Oops, sorry for HTML in the previous message breaking archiving. 
Resending in a different client as plain text.

Hi!

I'm currently preparing the implementation of fragment shader interlock 
in the Mesa RADV driver for merging (merge request !22250), and one 
Piglit test fails on Zink on RADV with my implementation.

The test is spec/arb_fragment_shader_interlock/image-load-store.

I noticed that it used layout(pixel_interlock_ordered) with sample 
shading. This is a combination that is only available in OpenGL and 
Vulkan, but not in Direct3D, Metal and GL_INTEL_fragment_shader_ordering 
(which force sample interlock if sample shading is used), and given that 
AMD hasn't exposed the KHR/EXT fragment shader interlock in their 
official OpenGL and Vulkan drivers so far (unlike in Direct3D and 
Metal), I was starting to think that they were unable to support the 
full requirements of pixel_interlock at all.

However, they actually do support pixel_interlock with sample shading. I 
was able to verify that by modifying an existing example 
(`Triang3l/vk_order_independent_transparency` on GitHub, 
`radv_sample_shading_test` branch) of fragment shader interlock usage 
with per-pixel data to use MSAA and sample shading, but only accessing 
that data once per pixel for each primitive, by wrapping all pixel-local 
data accesses in:

`if (gl_SampleID == findLSB(gl_SampleMaskIn[0])) { /* ... */ }`

so that for each fragment belonging to one primitive, the pixel-local 
data is accessed from just one sample-rate invocation. With my change, 
as expected with pixel_interlock_ordered, at common edges of adjacent 
primitives, which cover the same pixels, but don't have common covered 
samples, I got pixel values that were stable between frames, plus a huge 
speed loss. And when I changed the mode to sample_interlock_ordered (in 
AMD hardware terms, setting POPS_OVERLAP_NUM_SAMPLES to 
MSAA_EXPOSED_SAMPLES rather than 1x), the edges became unstable and 
noisy, and everything ran much faster. So, AMD GPUs actually support 
pixel_interlock, and if you have POPS_OVERLAP_NUM_SAMPLES = 1x, you 
still get interlock between primitives with no common samples as 
pixel_interlock requires, unlike in Direct3D, even if sample shading is 
used.

So it turns out that the Piglit test itself apparently requires the 
guarantees that neither the OpenGL (explicitly) nor the Vulkan 
specification provides, and that AMD hardware rightfully doesn't 
implement, though Intel (who created that Piglit test) actually happens 
to offer them due to the details of how their GPUs seem to work.

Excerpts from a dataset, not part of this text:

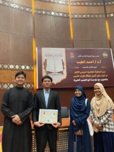 Ksmrmesir.org – Prosesi Penyerahan Hadiah Muhammad Albar, warga KSMR yang berhasil meraih juara satu dalam Musabaqoh Hifdzil Quran di Markaz
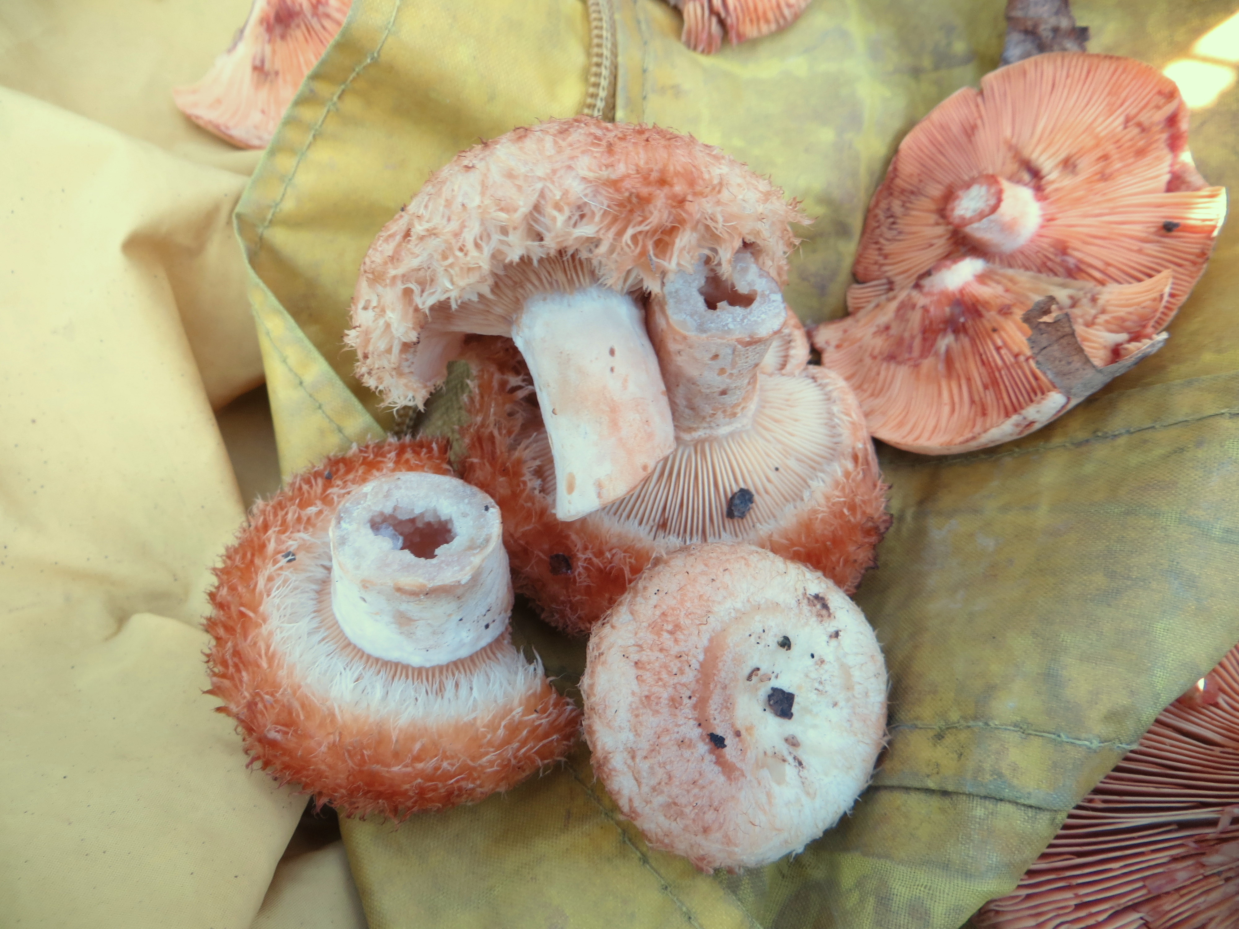 Куртка, на которой лежат грибы - ядовито-желтая, и заняла весь фон. Вот автомат цветокоррекции фотика и попутал цвета...
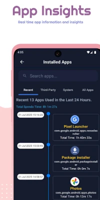 ⚡ Apps Viewer: Browse through all installed applications. Access detailed information about each app's usage, storage, and performance.
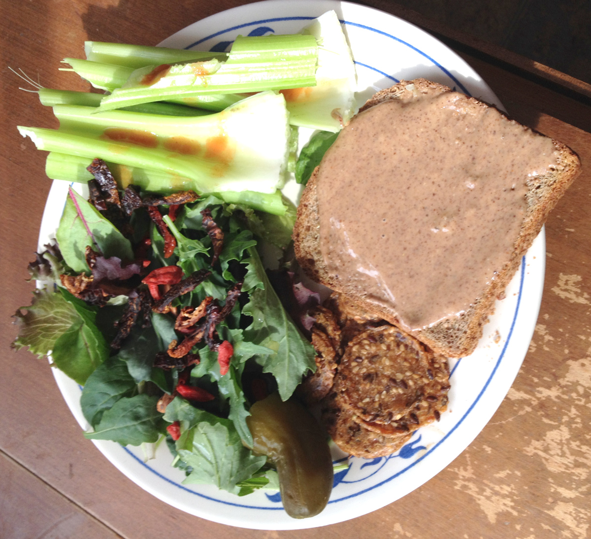 Fresh celery with Frank’s RedHot. A toasted slice of Ezekiel sprouted whole grain bread with Nuts to You raw organic almond butter.  Half of a Bubbies dill pickle.  A handful of Mary’s Gone crackers. Baby kale salad sprinkled with lemon juice, dried goji berries, sun dried tomatoes and a few whole raw almonds.
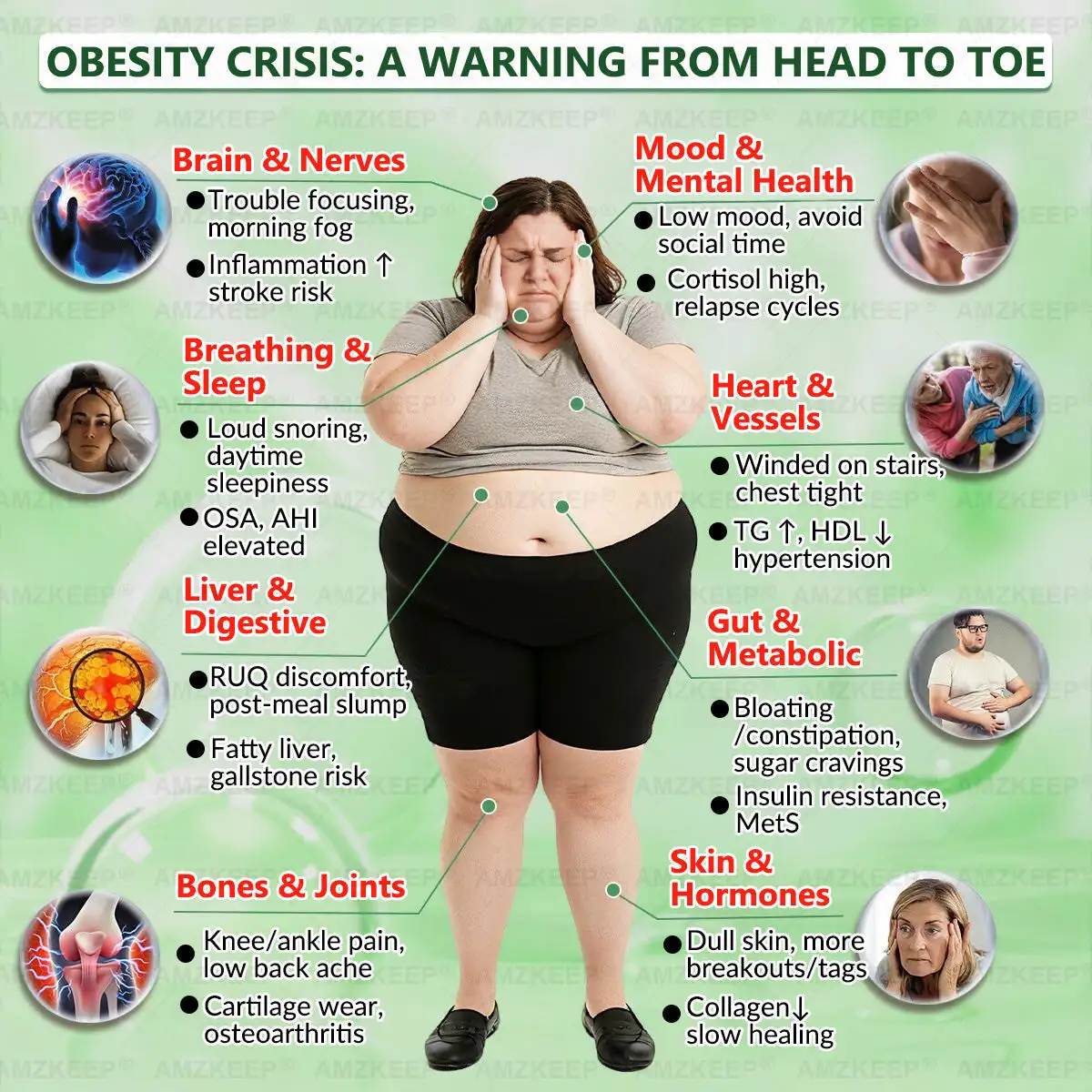 - Cancer risk:ย Increases cancer risk by 50% compared to people with healthy weight.
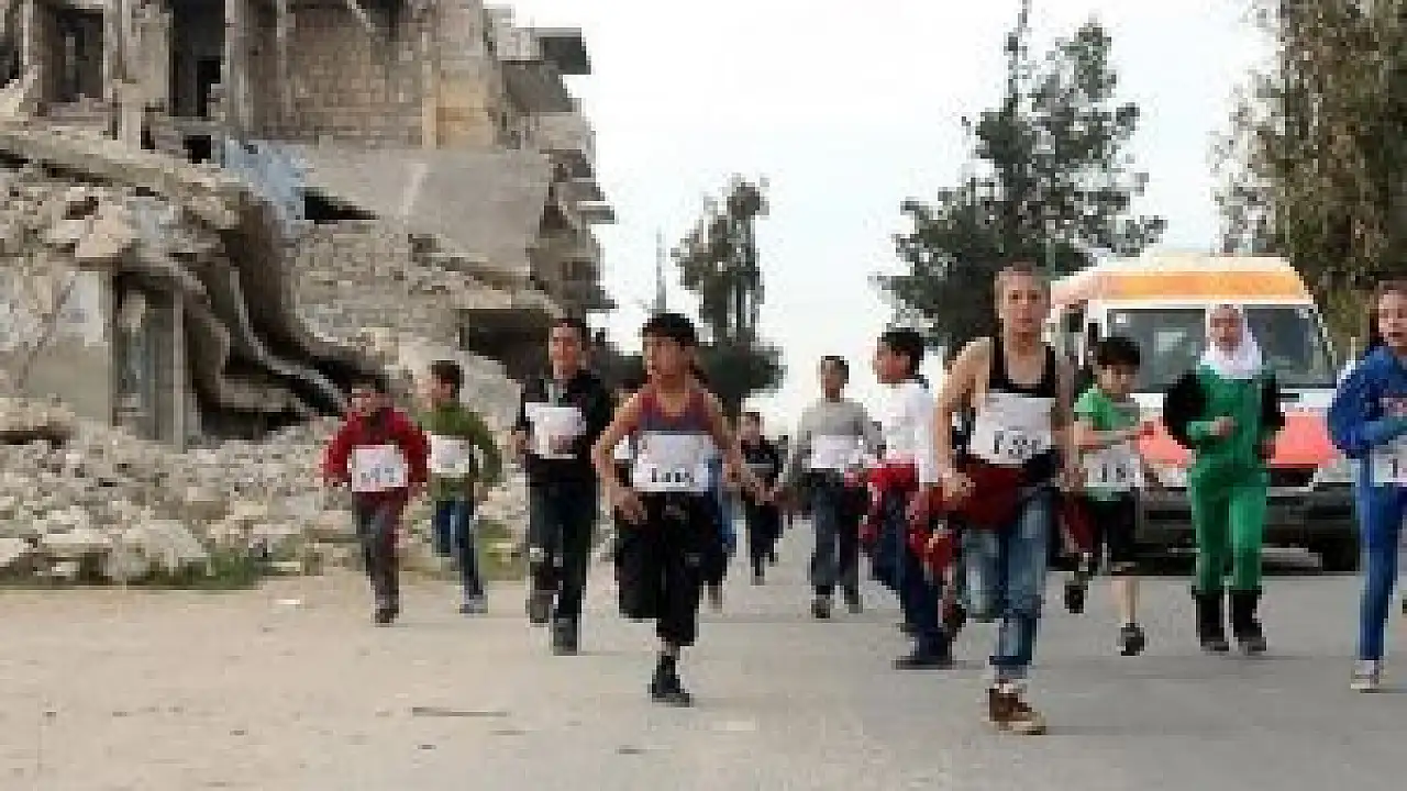 Suriye'de savaşın gölgesinde maraton
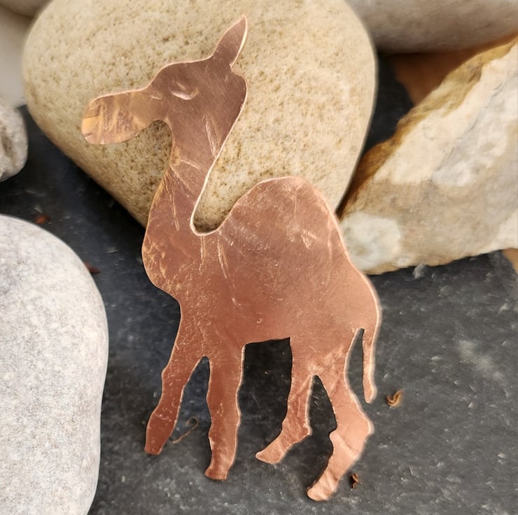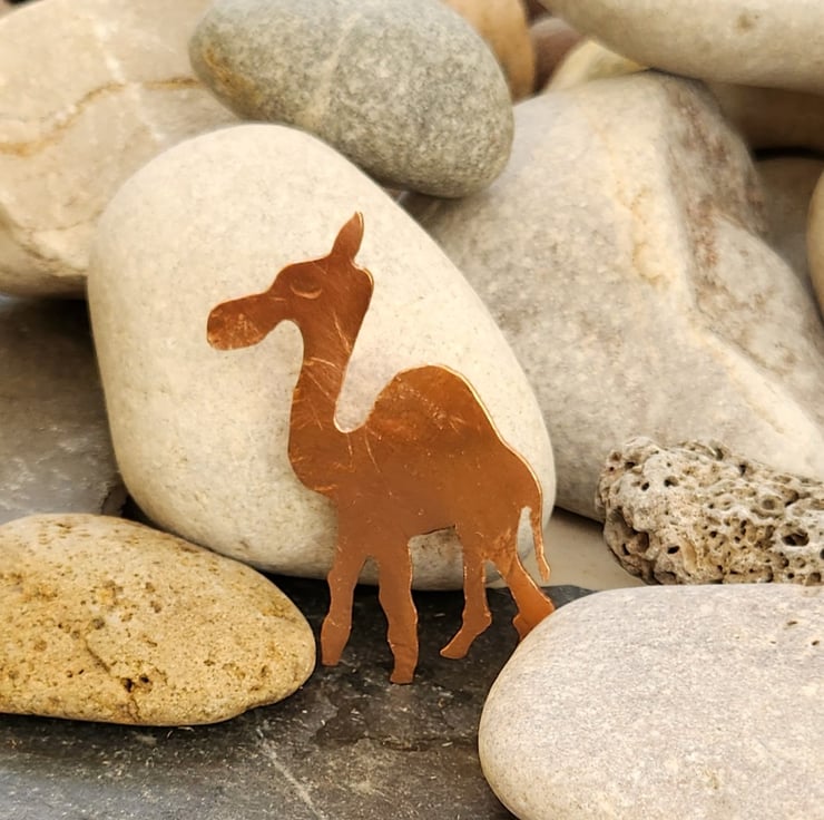 Copper sheet, textured and cut in the shape of a dromedary camel. Approximately 6cms tall.Sterling silver brooch fastener.
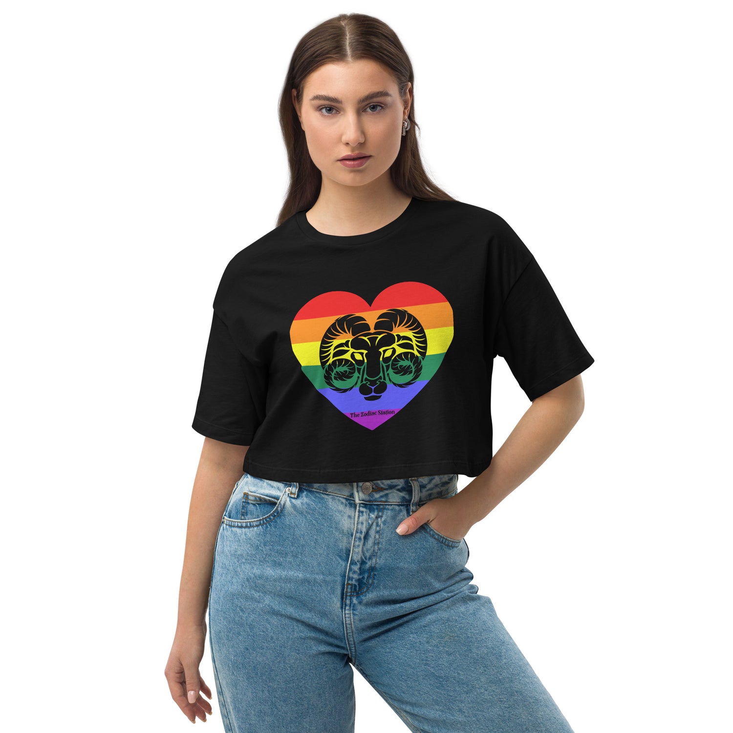 Aries Zodiac Crop Top Loose drop shoulder Rainbow Heart The Zodiac Station
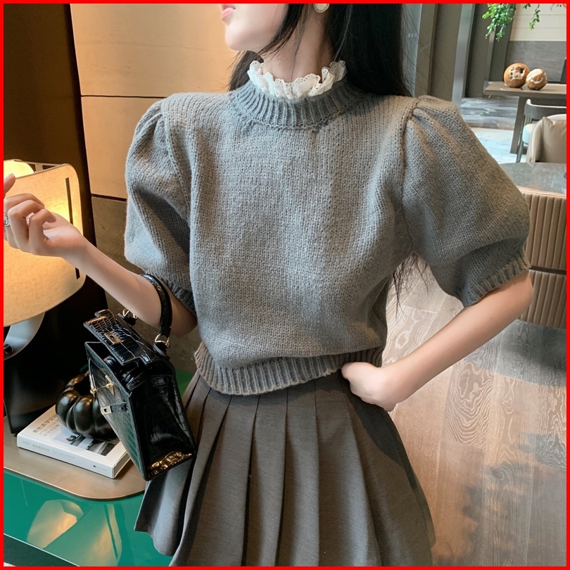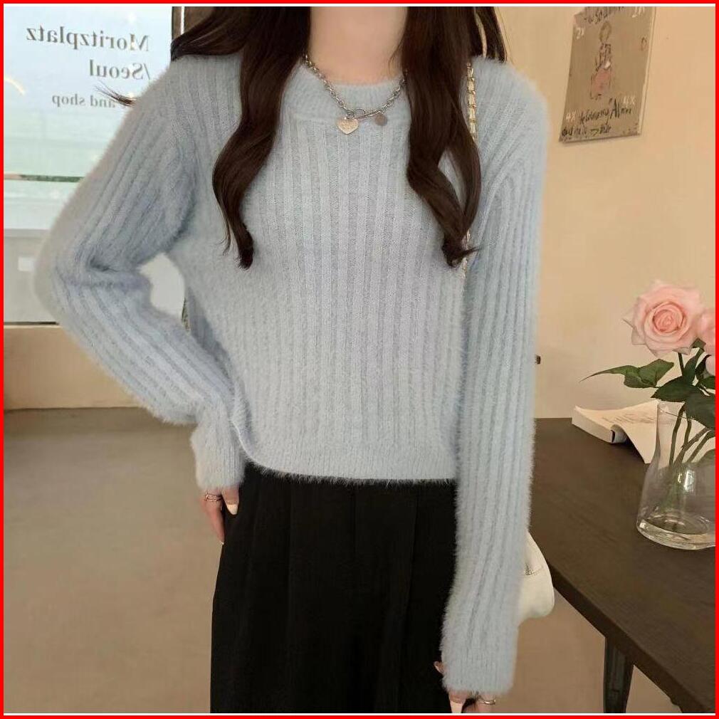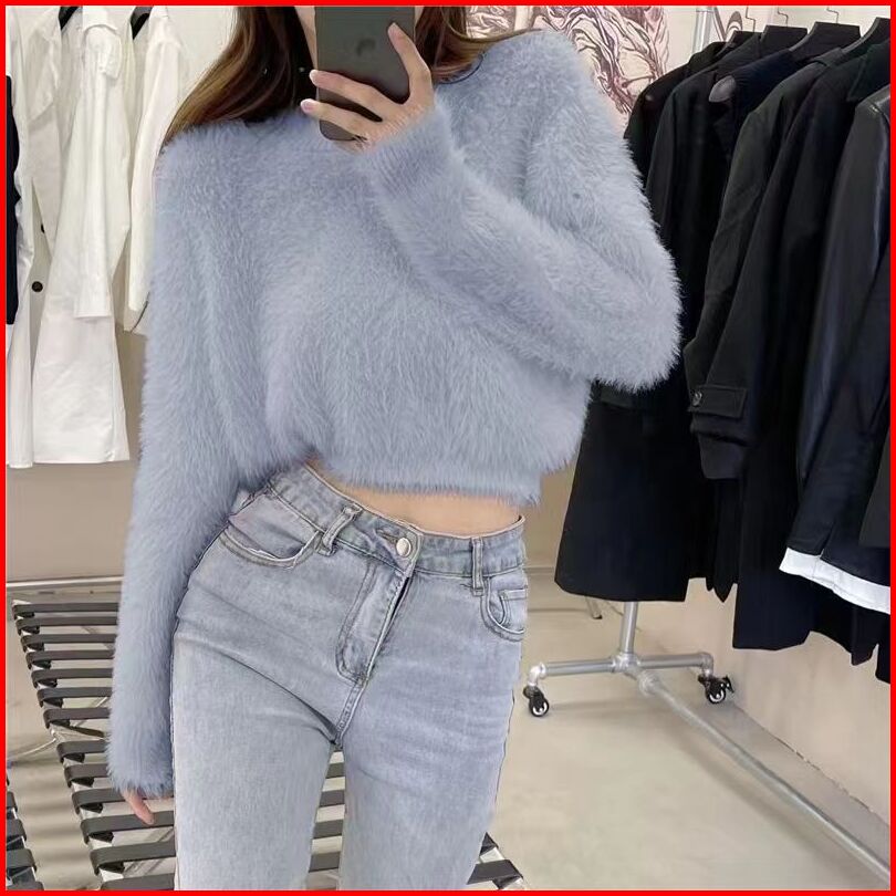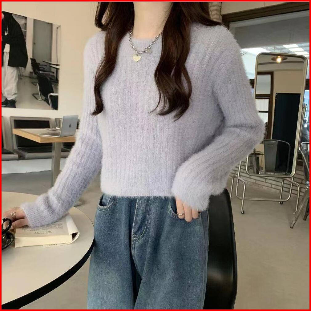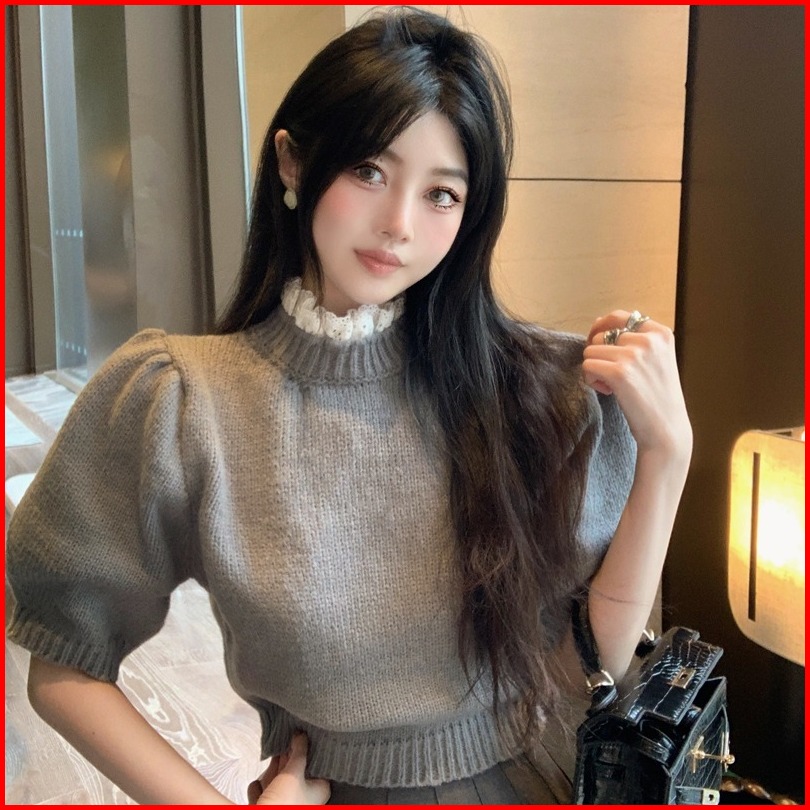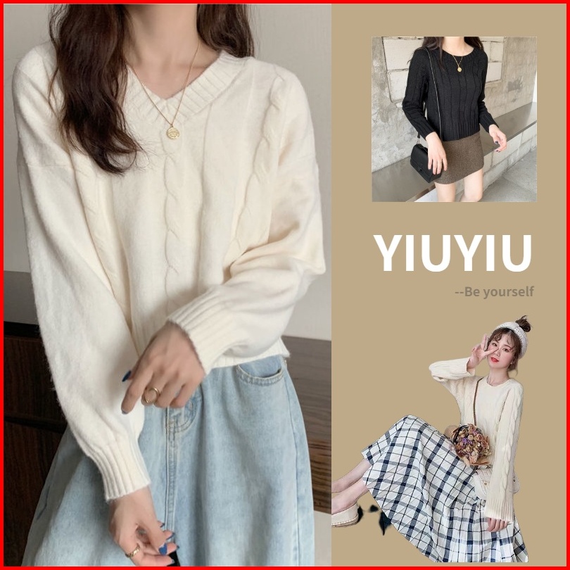 Yiu Yiu Rajut - Oversize Crop Top Rajut Wanita Lengan Panjang Knitwear Puith

Specifically, the following two parts are problematic:

ivec3 current_sample_coord = ivec3(gl_FragCoord.x, gl_FragCoord.y, 
gl_SampleID);
// ...
imageStore(img_output, current_sample_coord, result);

and:

for (i = 0; i < sample_rate; i++) {
   if (i != gl_SampleID) {
     ivec3 sample_coord = ivec3(gl_FragCoord.x, gl_FragCoord.y, i);
     vec4 sample_color = imageLoad(img_output, sample_coord);
     // ...
   }
}

In this test, each invocation (corresponding to one MSAA sample) writes 
to a location for its sample, and reads the data for all other samples 
in the pixel.

However, most of the time (if a primitive covers more than 1 sample of a 
pixel, thus everywhere in the middle of a primitive) this results in 
invocations accessing data (for other samples in the pixel) written by 
invocations belonging to other samples in __the same primitive__.

According to the specification of GL_ARB_fragment_shader_interlock, no 
synchronization is guaranteed in this case:

     (1) When using multisampling, the OpenGL specification permits
         multiple fragment shader invocations to be generated for a single
         fragment.  For example, per-sample shading using the "sample"
         auxiliary storage qualifier or the MinSampleShading() OpenGL 
API command
         can be used to force per-sample shading.  What execution ordering
         guarantees are provided between fragment shader invocations 
generated
         from the same fragment?

       RESOLVED:  We don't provide any ordering guarantees in this 
extension.
       This implies that when using multisampling, there is no guarantee 
that
       two fragment shader invocations for the same fragment won't be 
executing
       their critical sections concurrently.  This could cause problems for
       algorithms sharing data structures between all the samples of a pixel
       unless accesses to these data structures are performed atomically.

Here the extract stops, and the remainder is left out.